En l’espace de sept ans, elle a détourné près de 280 000 euros.
Des comptes du greffe ou de la Caisse des dépôts vers le sien. Tout simplement, en quelques clics. Mercredi après-midi, elle comparaissait devant le tribunal correctionnel de Libourne pour abus de confiance, usage de faux en écriture et altération frauduleuse de la vérité dans un écrit.
À la barre, perdue dans ses pleurs, le petit bout de femme de 43 ans reste coi face aux incompréhensions du dossier, soulignées par le président du tribunal Gérard Denard : « On ne retrouve rien de ces sommes dans l’enquête. Vers qui elles sont allées ? On se demande qui en a profité ? » Il est bien là le problème, et la particularité de cette drôle d’affaire.
Les centaines d’euros dérobées chaque jour, de son bureau, devant les collègues bien incapables de penser à pareille escroquerie, n’ont pas servi à financer des voyages, des grammes de cocaïne ou des biens immobiliers. Ils sont partis sur des sites de voyance « à 90 % » selon le procureur de la République Christophe Augé. De 500 jusqu’à 1000 euros par jour jetés dans des boules de cristal virtuelles et pas franchement divinatoires.

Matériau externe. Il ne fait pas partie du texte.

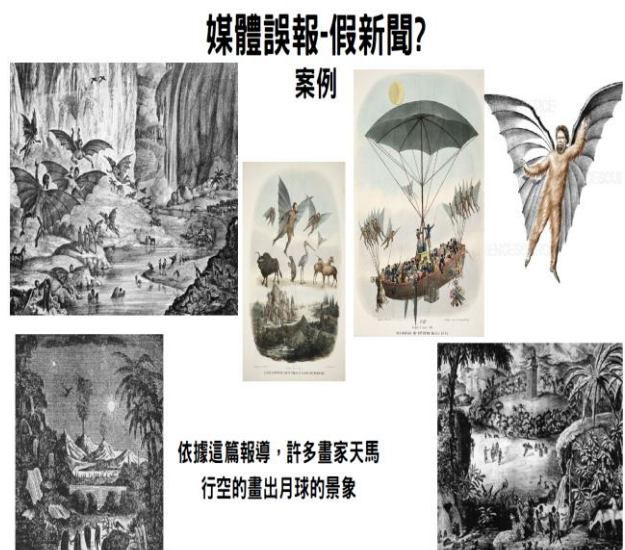
▲以 1835 年紐約太陽報的月亮觀察報導為案例向同學說明假新聞並非當代獨有之現象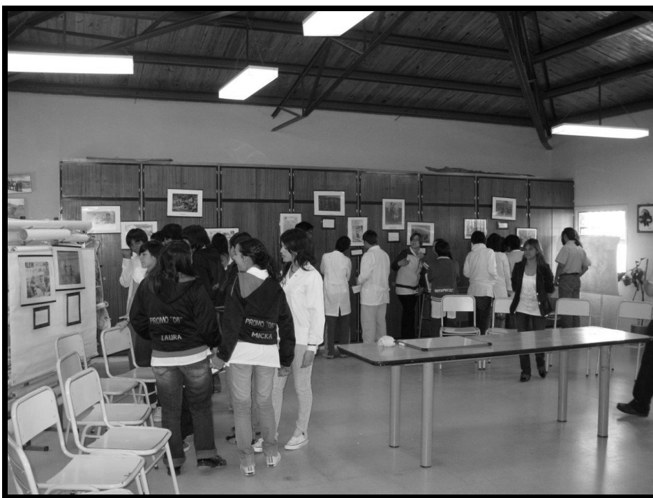
Imagen 2: Muestra fotográfica "Los indios desde los otros", en la EGB n° 6 de la ciudad de Comandante Luis Piedra Buena.

matanzas y a la discriminación, que implicaron tanto la caza de los selk'nam, como la "Campaña al Desierto" y las diversas exposiciones de indios que se realizaron en grandes ciudades del mundo. También se incluye otra cara de estos procesos, las luchas y reclamos de los Pueblos Originarios, quienes a pesar de la opresión sufrida, han pugnado por sus derechos, tanto entonces como en la actualidad. La muestra fue presentada en forma de taller, tanto en la localidad de Comandante Luis Piedra Buena como en Puerto Santa Cruz, durante los días 24 y 25 de noviembre del 2008. Concretamente se trabajó la problemática de la "discriminación humana" en el pasado y se generó una reflexión sobre la discriminación y la convivencia en la actualidad.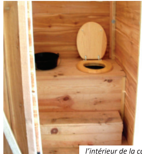
l'intérieur de la cabine

Au bout de 7 ans, l'expérience suit son cours. Les élèves gèrent eux mêmes tout le processus depuis le vidage des containers jusqu'au compostage du produit. Pour la première fois en 2010 le compost assaini a été utilisé dans le jardin pédagogique.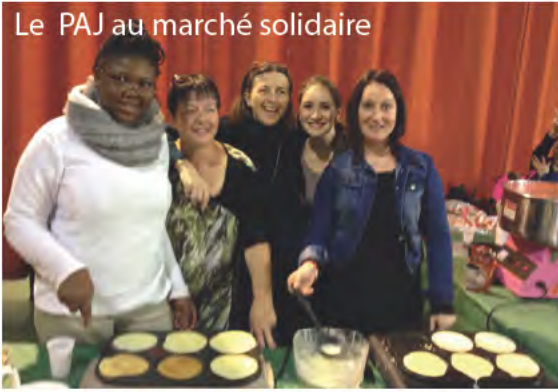
Le PAJ au marché solidaire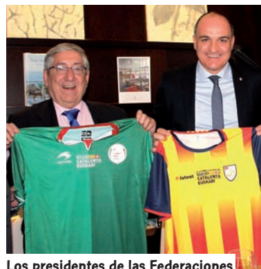
Los presidentes de las Federaciones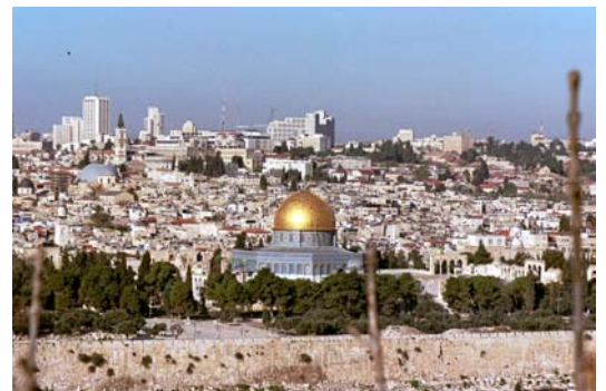
Vista de la Cúpula de la Roca en el Monte del Templo desde el Monte de los Olivos.

Descenderemos al Valle de Cedrón (o Valle de Josafat). Al pie de la colina, entre olivos centenarios testigos de la agonía y prendimiento de Cristo, se halla el Huerto de Getsemaní y la Iglesia de las Naciones (o de la Agonía),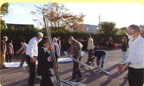
後片付けも全員で協力して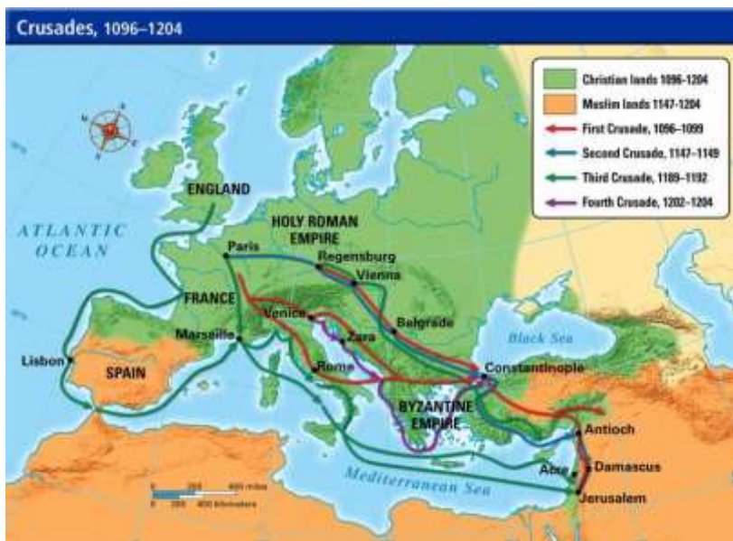
Slika 2. Pregled križarskih ratova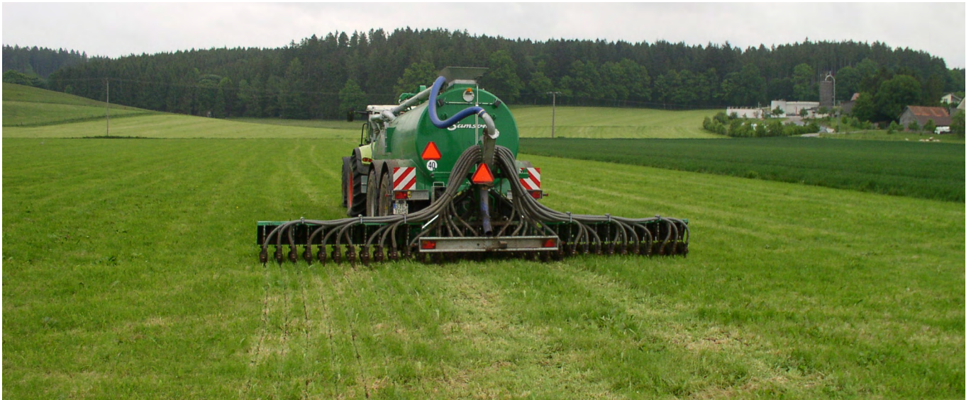
Verlustarme Gülleaufbringung mit einem Injektionsverfahren

Verordnung über die Anwendung von Düngemitteln, Bodenhilfsstoffen, Kultursubstraten und Pflanzenhilfsmitteln nach den Grundsätzen der guten fachlichen Praxis beim Düngen (Düngeverordnung–DüV) vom 26. Mai 2017, BGBl. I 2017, Nr. 32, S. 1305–1348

La prévenue a très mal vécu une séparation. Elle a dû déménager, acheter des meubles, refaire sa vie. Elle a surtout souscrit des crédits. « Un, deux, trois puis tous les emprunts possibles », livre son avocate, Me Julie Dykman. Jusqu’à 4500 euros de remboursement par mois alors qu’elle touche un peu plus de 1200 euros mensuels. Alors elle s’est servie sur les comptes de ses employeurs et de la Caisse des dépôts…
Mal dans sa peau, avec un entourage restreint, elle s’enfonce dans son addiction, la voyance pour qu’on « l’écoute. » « Mais vous ne pouviez pas en parler à quelqu’un de proche ? », l’interroge Gérard Denard. « C’est compliqué de dire quand on a des problèmes », répond la prévenue, entre deux tombées de larmes.
Hier, le tribunal a décidé de la condamner à 24 mois de prison avec sursis et mise à l’épreuve durant trois ans, avec l’obligation, notamment, de se soigner. Elle devra en outre rembourser plus de 150 000 euros aux greffiers du tribunal de commerce, la prévention portant sur les années 2010 à 2013, le reste des détournements, sur la période 2006-2010, étant prescrits.
La prévenue a promis de rembourser. Elle qui croule sous les dettes assure vouloir au moins donner quarante ou cinquante euros par mois. Il faudra du temps pour rembourser la somme.